- The task
From the entries below, print exactly the span beginning with the line holding "颁奖仪式上,广州航海学院党委" and ending with the line holding "美人鱼儿童涂鸦背包 12寸卡通人鱼diy来图定 做艺校广告活动礼品", endpoints included, and skip any pictures.

- Source information
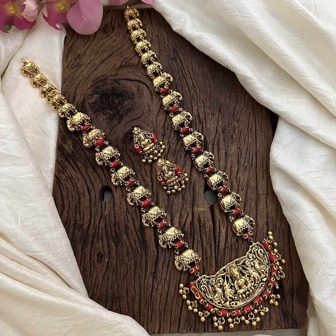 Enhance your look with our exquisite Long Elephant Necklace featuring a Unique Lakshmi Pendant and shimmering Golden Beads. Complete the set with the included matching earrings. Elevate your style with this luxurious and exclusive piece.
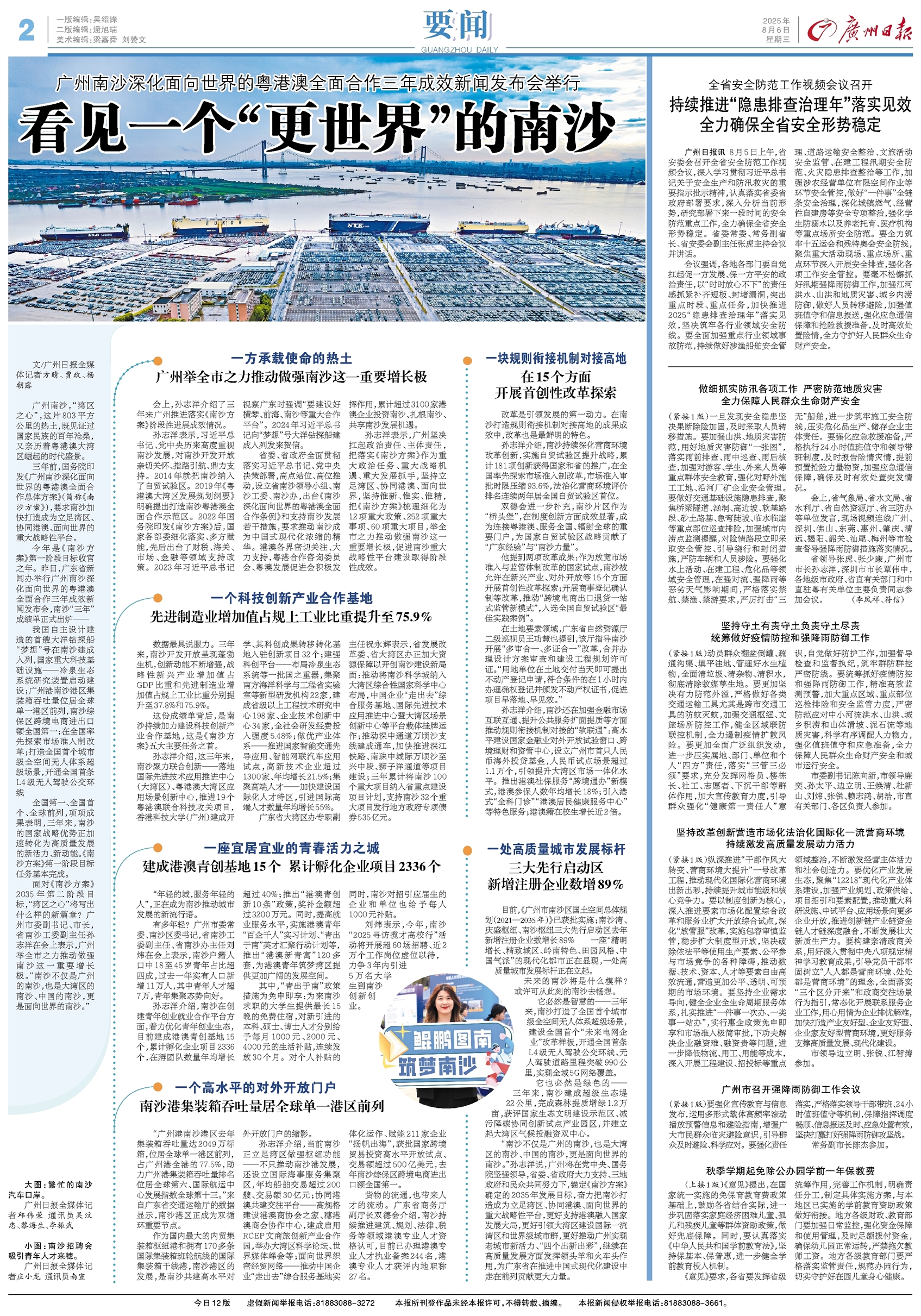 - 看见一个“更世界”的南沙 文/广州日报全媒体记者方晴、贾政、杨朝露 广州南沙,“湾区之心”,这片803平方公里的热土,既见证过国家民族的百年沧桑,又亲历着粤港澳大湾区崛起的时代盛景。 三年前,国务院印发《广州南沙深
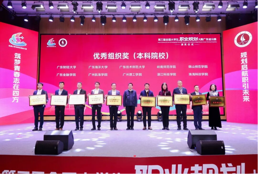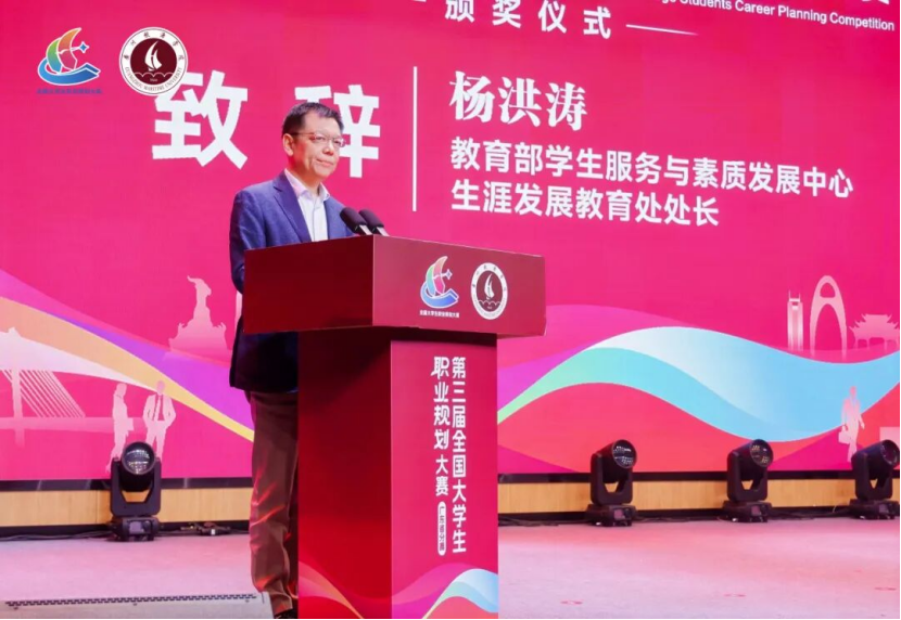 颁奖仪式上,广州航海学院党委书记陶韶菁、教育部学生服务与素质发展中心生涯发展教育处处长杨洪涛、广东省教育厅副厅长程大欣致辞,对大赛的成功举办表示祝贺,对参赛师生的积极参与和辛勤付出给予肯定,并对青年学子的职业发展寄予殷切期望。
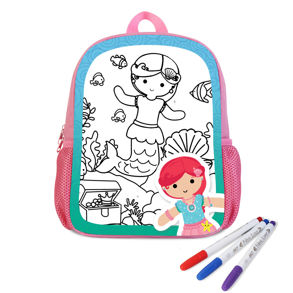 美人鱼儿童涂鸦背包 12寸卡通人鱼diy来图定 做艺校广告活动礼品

--

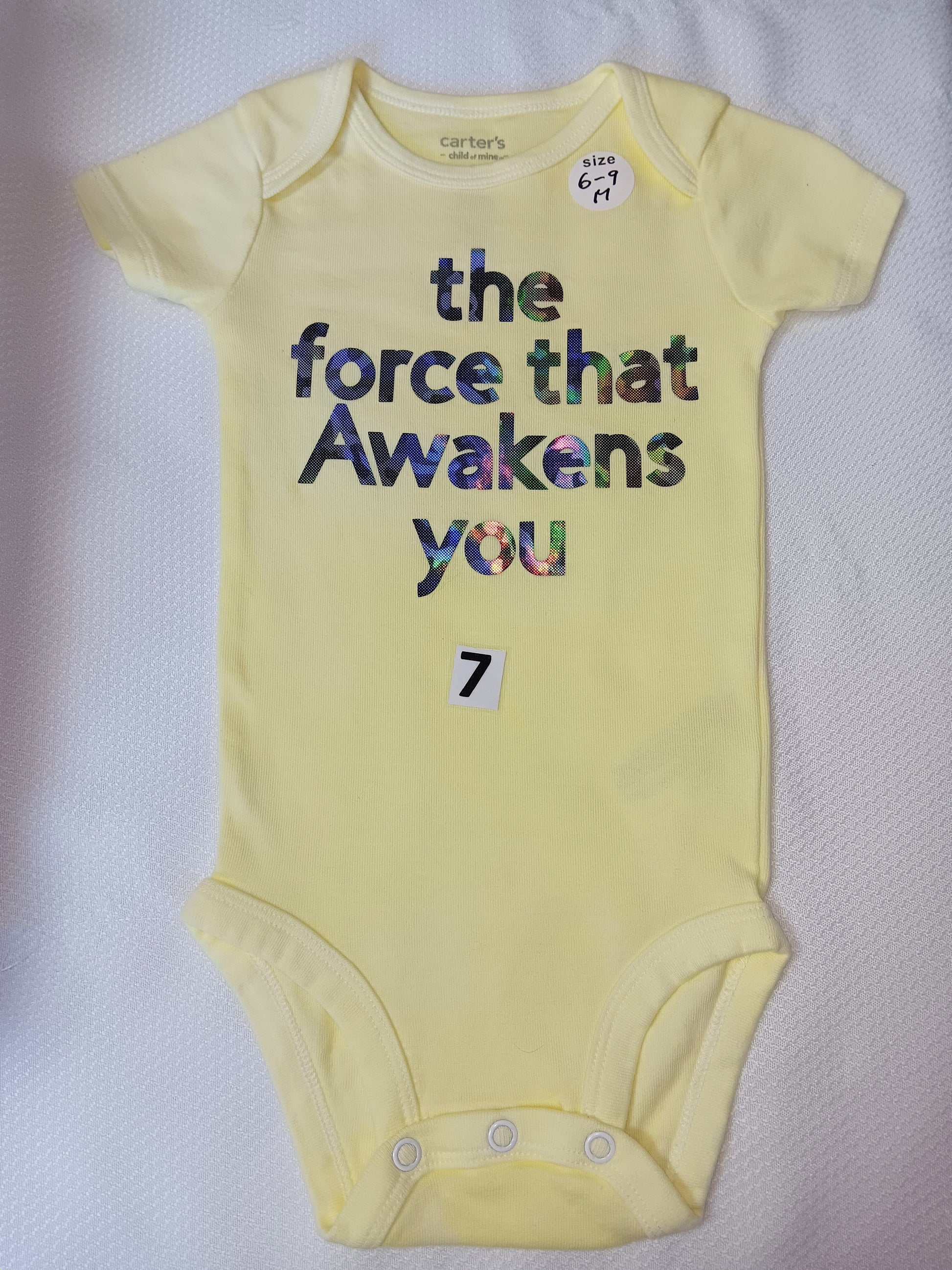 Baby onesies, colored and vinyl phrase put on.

- Exercise response
 颁奖仪式上,广州航海学院党委书记陶韶菁、教育部学生服务与素质发展中心生涯发展教育处处长杨洪涛、广东省教育厅副厅长程大欣致辞,对大赛的成功举办表示祝贺,对参赛师生的积极参与和辛勤付出给予肯定,并对青年学子的职业发展寄予殷切期望。
 美人鱼儿童涂鸦背包 12寸卡通人鱼diy来图定 做艺校广告活动礼品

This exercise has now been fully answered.